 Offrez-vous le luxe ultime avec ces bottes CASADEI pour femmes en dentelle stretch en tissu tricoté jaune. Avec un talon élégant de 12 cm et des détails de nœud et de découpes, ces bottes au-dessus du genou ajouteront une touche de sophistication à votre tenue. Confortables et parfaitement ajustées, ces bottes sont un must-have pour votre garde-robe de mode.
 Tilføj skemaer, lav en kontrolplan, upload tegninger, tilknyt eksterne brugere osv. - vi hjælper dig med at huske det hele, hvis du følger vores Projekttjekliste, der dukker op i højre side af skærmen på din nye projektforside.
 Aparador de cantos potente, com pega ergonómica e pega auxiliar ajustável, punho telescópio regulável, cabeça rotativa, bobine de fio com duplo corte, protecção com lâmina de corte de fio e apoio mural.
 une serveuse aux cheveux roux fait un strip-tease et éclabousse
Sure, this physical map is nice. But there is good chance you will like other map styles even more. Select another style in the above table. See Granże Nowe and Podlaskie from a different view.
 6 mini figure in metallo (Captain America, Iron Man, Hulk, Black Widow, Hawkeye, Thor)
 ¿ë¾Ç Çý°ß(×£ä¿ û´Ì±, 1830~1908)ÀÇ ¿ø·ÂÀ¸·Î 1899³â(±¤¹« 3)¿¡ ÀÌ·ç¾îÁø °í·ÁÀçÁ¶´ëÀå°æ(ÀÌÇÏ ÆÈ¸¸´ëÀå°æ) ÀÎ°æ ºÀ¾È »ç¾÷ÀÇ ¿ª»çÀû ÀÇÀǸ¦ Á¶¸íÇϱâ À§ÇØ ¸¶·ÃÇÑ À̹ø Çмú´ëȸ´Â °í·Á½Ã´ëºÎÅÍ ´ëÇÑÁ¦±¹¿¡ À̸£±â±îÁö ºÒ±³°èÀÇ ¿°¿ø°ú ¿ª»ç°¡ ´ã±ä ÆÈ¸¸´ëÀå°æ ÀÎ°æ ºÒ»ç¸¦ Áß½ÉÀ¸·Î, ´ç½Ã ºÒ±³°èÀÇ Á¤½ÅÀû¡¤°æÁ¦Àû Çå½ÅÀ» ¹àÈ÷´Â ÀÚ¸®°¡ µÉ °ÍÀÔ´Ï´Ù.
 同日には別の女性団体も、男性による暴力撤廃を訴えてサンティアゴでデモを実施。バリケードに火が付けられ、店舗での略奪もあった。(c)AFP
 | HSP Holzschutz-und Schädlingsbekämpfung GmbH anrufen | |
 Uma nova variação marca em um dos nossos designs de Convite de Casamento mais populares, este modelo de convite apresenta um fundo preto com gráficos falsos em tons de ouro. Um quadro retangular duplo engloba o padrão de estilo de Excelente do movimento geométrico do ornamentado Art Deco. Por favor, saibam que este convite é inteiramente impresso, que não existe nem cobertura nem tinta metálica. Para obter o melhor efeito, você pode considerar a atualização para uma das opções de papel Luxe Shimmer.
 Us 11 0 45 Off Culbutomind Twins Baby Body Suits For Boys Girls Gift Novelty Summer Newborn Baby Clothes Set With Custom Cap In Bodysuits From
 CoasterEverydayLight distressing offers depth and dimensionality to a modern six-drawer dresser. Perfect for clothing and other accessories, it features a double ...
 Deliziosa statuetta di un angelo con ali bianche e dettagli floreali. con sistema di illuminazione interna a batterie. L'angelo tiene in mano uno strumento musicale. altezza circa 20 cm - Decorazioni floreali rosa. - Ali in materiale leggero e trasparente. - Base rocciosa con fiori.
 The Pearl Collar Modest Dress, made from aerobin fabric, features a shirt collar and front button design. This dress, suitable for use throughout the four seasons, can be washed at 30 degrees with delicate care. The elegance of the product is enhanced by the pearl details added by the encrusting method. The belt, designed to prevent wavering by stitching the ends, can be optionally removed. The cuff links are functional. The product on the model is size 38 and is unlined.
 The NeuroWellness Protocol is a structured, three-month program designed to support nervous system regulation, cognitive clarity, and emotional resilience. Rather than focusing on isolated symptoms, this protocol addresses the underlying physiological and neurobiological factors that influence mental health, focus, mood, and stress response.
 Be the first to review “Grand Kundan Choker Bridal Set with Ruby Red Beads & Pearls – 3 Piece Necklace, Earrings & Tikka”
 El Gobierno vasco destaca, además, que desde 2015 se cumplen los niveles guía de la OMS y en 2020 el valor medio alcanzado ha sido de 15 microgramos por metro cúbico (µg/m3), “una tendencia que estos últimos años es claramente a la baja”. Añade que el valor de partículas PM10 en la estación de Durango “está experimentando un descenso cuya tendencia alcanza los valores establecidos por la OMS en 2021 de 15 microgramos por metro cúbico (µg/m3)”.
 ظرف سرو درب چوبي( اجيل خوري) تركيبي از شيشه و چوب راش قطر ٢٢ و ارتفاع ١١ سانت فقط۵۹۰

· · · ·

> [EXERCISE GOAL]: The lines of the records that contain the string "duplo" should be located and copied.

> [EXPECTED ANSWER]:
 Aparador de cantos potente, com pega ergonómica e pega auxiliar ajustável, punho telescópio regulável, cabeça rotativa, bobine de fio com duplo corte, protecção com lâmina de corte de fio e apoio mural.
 Uma nova variação marca em um dos nossos designs de Convite de Casamento mais populares, este modelo de convite apresenta um fundo preto com gráficos falsos em tons de ouro. Um quadro retangular duplo engloba o padrão de estilo de Excelente do movimento geométrico do ornamentado Art Deco. Por favor, saibam que este convite é inteiramente impresso, que não existe nem cobertura nem tinta metálica. Para obter o melhor efeito, você pode considerar a atualização para uma das opções de papel Luxe Shimmer.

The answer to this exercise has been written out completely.